Extracted information Block Start

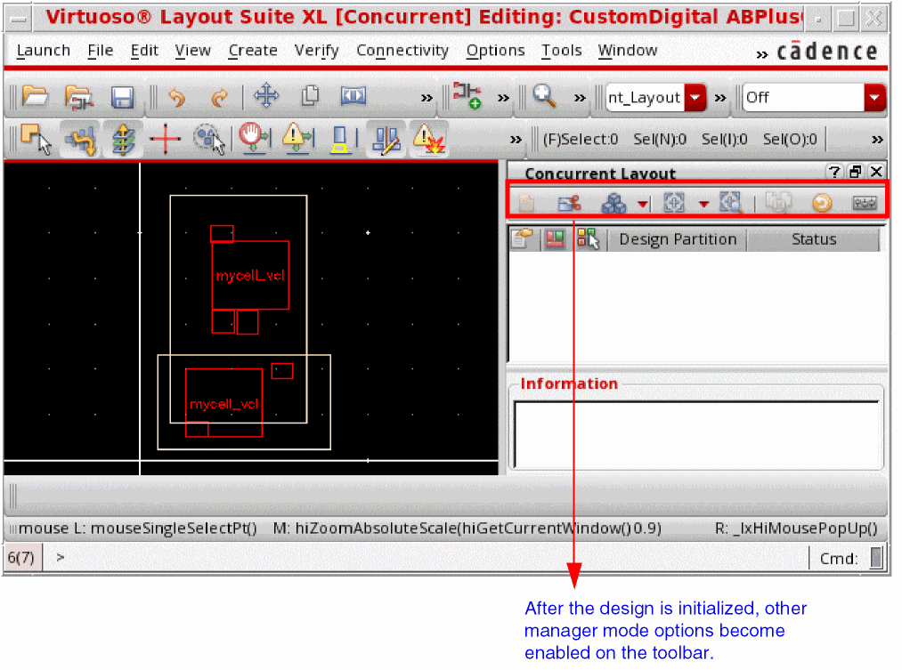 After you initialize the design, remaining buttons on the Concurrent Layout toolbar are enabled in manager mode.
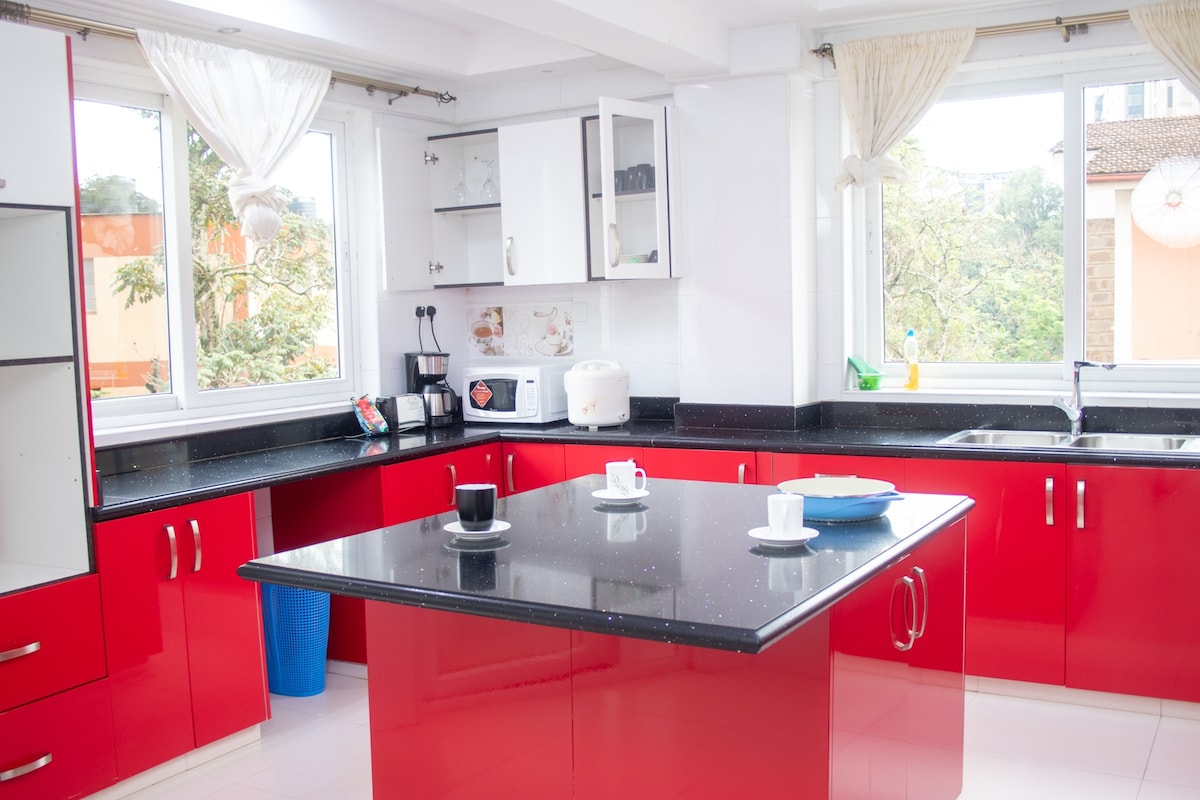 Este apartamento elegante inteiro é moderno, espaçoso e confortável, com um quarto e banheiro privativo, cama king size luxuosa, sala de jantar eloquente, quarto e lounge Netflix-TV, varanda, cozinha e área de máquina de lavar roupa. Todas as comodidades fornecidas, incluindo Wi-Fi rápido ilimitado e instalações comerciais. Situado em um subúrbio tranquilo e arborizado, mas também convenientemente perto de Westgate, shoppings de Sarit e Lavington, restaurantes, centros de negócios, CBD e a poucos metros a pé da vida noturna de Westlands.
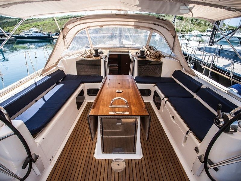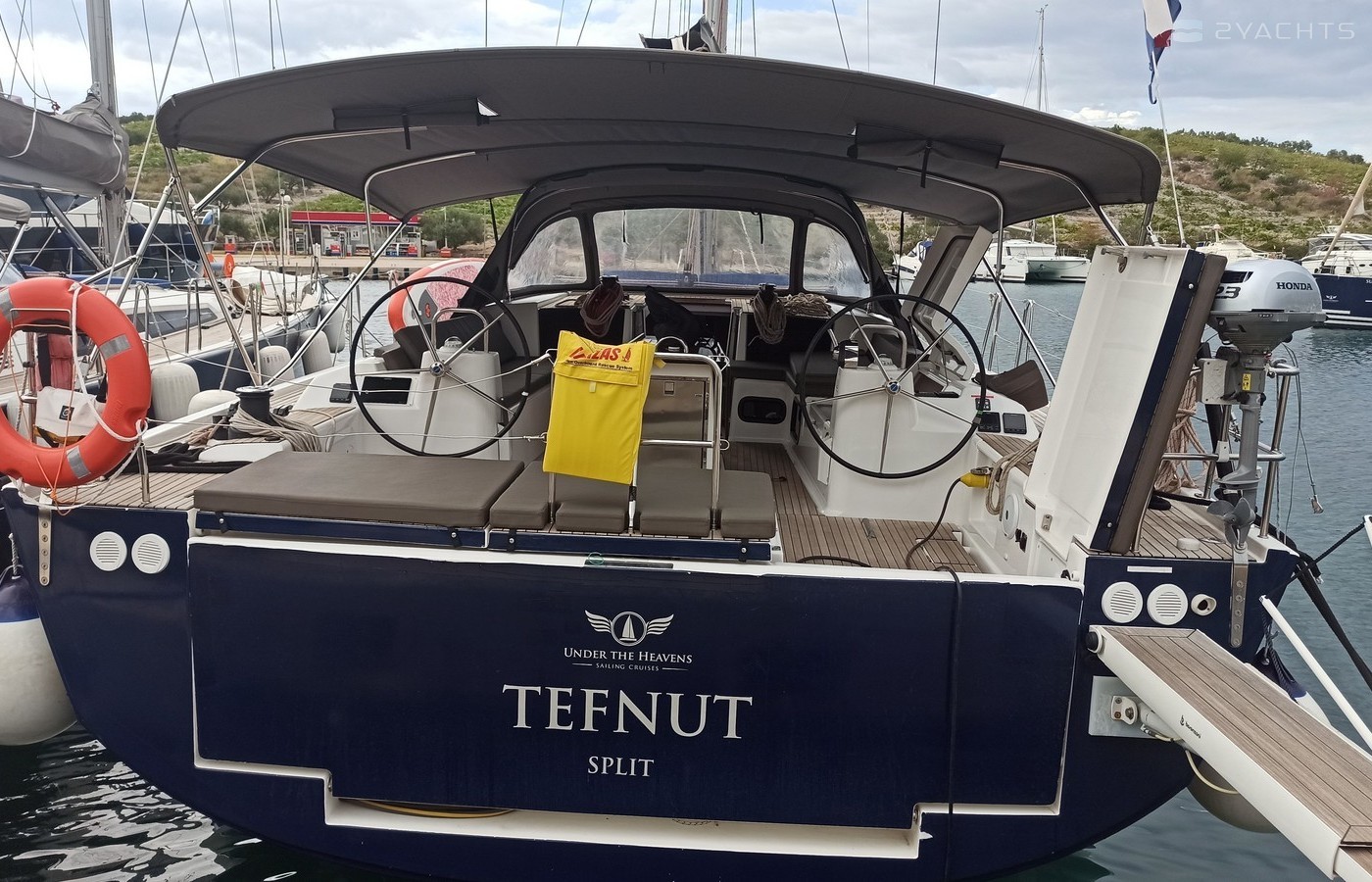 5-cabin sailing yacht Dufour 56 - Tefnut was built in 2017, and it is docked in ACI Marina Dubrovnik, Croatia.
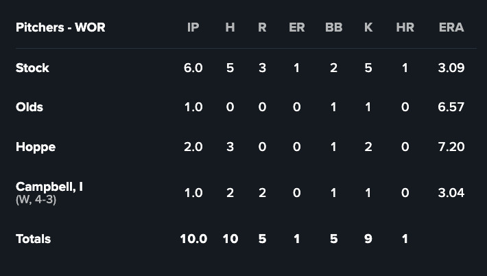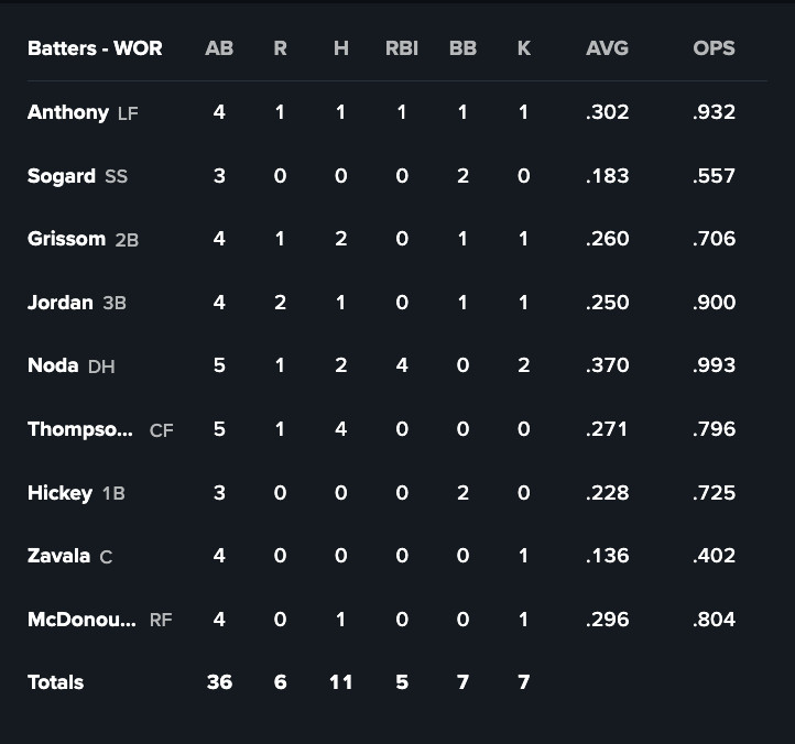 The game was kept close by a strong six innings by Robert Stock, who only looked weak when he was taken yard by Brady House, a Washington prospect who’s “kicking down the door” in his own way. Speaking of kicking down the door… if you’re asking how the score got tied after Worcester hadn’t scored since the third, look no further than that man Roman Anthony, who hit a solo shot in the bottom of the ninth on a full count. The longball had a WPA of .469 and should draw the ire of any Red Sox fan who have been watching the team lose by one seemingly every night for two weeks now. Worcester is now one game over .500 and starts in just a few minutes, at 11:05 AM.
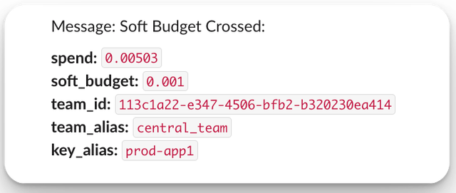 spendfloat: The current spend amount for the 'event_group'.max_budgetfloat or null: The maximum allowed budget for the 'event_group'. null if not set.tokenstr: A hashed value of the key, used for authentication or identification purposes.customer_idstr or null: The ID of the customer associated with the event (optional).internal_user_idstr or null: The ID of the internal user associated with the event (optional).team_idstr or null: The ID of the team associated with the event (optional).user_emailstr or null: The email of the internal user associated with the event (optional).key_aliasstr or null: An alias for the key associated with the event (optional).projected_exceeded_datestr or null: The date when the budget is projected to be exceeded, returned when 'soft_budget' is set for key (optional).projected_spendfloat or null: The projected spend amount, returned when 'soft_budget' is set for key (optional).eventLiteral["budget_crossed", "threshold_crossed", "projected_limit_exceeded"]: The type of event that triggered the webhook. Possible values are:- "spend_tracked": Emitted whenver spend is tracked for a customer id.
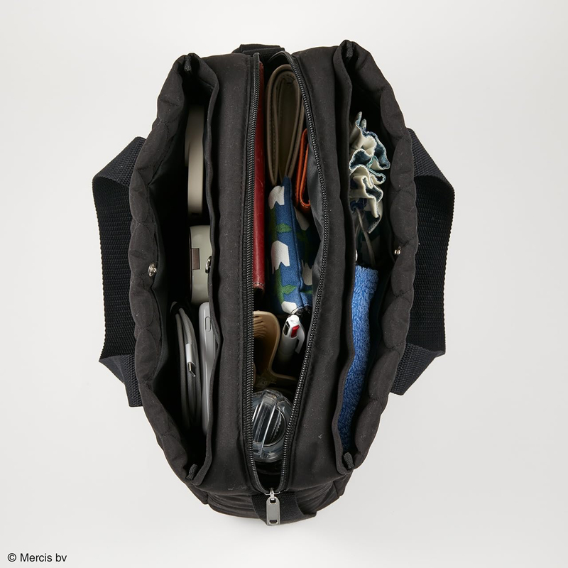 口が大きく開き、収納部は3層に分かれているから整理しやすく、荷物の出し入れもスムーズ。
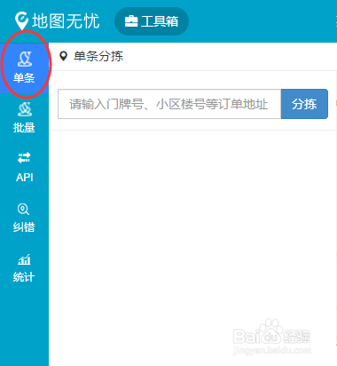 点击【单条】进入单条分拣页面。单条分拣多用于实时订单配送业务,以蛋糕配送为例,输入一个地址,回车即可得到该地址所属门店,即而通知该门店对订单进行处理。如果企业有自己的订单系统,可以使用鸿雁分单进行API对接,将订单处理更加智能化。
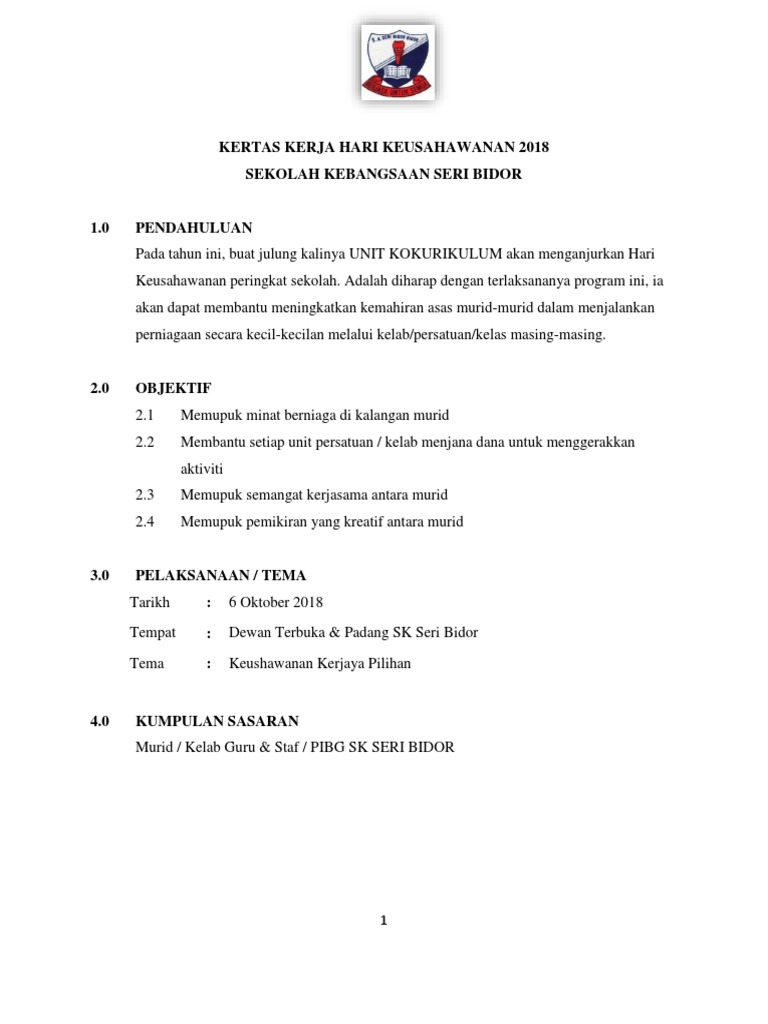 Kertas Kerja Hari Keusahawanan Skdua 2019 Pages 1 9 Text Version Fliphtml5
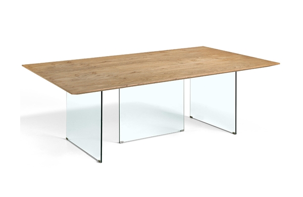 Mesa de comedor Waco fabricada en madera de fresno o Roble Marinado y patas de cristal P-26

Extracted information Block End

(Task item): Would you give the material back exactly, minus the pictures?

(Exercise solution):
 After you initialize the design, remaining buttons on the Concurrent Layout toolbar are enabled in manager mode.
 Este apartamento elegante inteiro é moderno, espaçoso e confortável, com um quarto e banheiro privativo, cama king size luxuosa, sala de jantar eloquente, quarto e lounge Netflix-TV, varanda, cozinha e área de máquina de lavar roupa. Todas as comodidades fornecidas, incluindo Wi-Fi rápido ilimitado e instalações comerciais. Situado em um subúrbio tranquilo e arborizado, mas também convenientemente perto de Westgate, shoppings de Sarit e Lavington, restaurantes, centros de negócios, CBD e a poucos metros a pé da vida noturna de Westlands.
 5-cabin sailing yacht Dufour 56 - Tefnut was built in 2017, and it is docked in ACI Marina Dubrovnik, Croatia.
 The game was kept close by a strong six innings by Robert Stock, who only looked weak when he was taken yard by Brady House, a Washington prospect who’s “kicking down the door” in his own way. Speaking of kicking down the door… if you’re asking how the score got tied after Worcester hadn’t scored since the third, look no further than that man Roman Anthony, who hit a solo shot in the bottom of the ninth on a full count. The longball had a WPA of .469 and should draw the ire of any Red Sox fan who have been watching the team lose by one seemingly every night for two weeks now. Worcester is now one game over .500 and starts in just a few minutes, at 11:05 AM.
 spendfloat: The current spend amount for the 'event_group'.max_budgetfloat or null: The maximum allowed budget for the 'event_group'. null if not set.tokenstr: A hashed value of the key, used for authentication or identification purposes.customer_idstr or null: The ID of the customer associated with the event (optional).internal_user_idstr or null: The ID of the internal user associated with the event (optional).team_idstr or null: The ID of the team associated with the event (optional).user_emailstr or null: The email of the internal user associated with the event (optional).key_aliasstr or null: An alias for the key associated with the event (optional).projected_exceeded_datestr or null: The date when the budget is projected to be exceeded, returned when 'soft_budget' is set for key (optional).projected_spendfloat or null: The projected spend amount, returned when 'soft_budget' is set for key (optional).eventLiteral["budget_crossed", "threshold_crossed", "projected_limit_exceeded"]: The type of event that triggered the webhook. Possible values are:- "spend_tracked": Emitted whenver spend is tracked for a customer id.
 口が大きく開き、収納部は3層に分かれているから整理しやすく、荷物の出し入れもスムーズ。
 点击【单条】进入单条分拣页面。单条分拣多用于实时订单配送业务,以蛋糕配送为例,输入一个地址,回车即可得到该地址所属门店,即而通知该门店对订单进行处理。如果企业有自己的订单系统,可以使用鸿雁分单进行API对接,将订单处理更加智能化。
 Kertas Kerja Hari Keusahawanan Skdua 2019 Pages 1 9 Text Version Fliphtml5
 Mesa de comedor Waco fabricada en madera de fresno o Roble Marinado y patas de cristal P-26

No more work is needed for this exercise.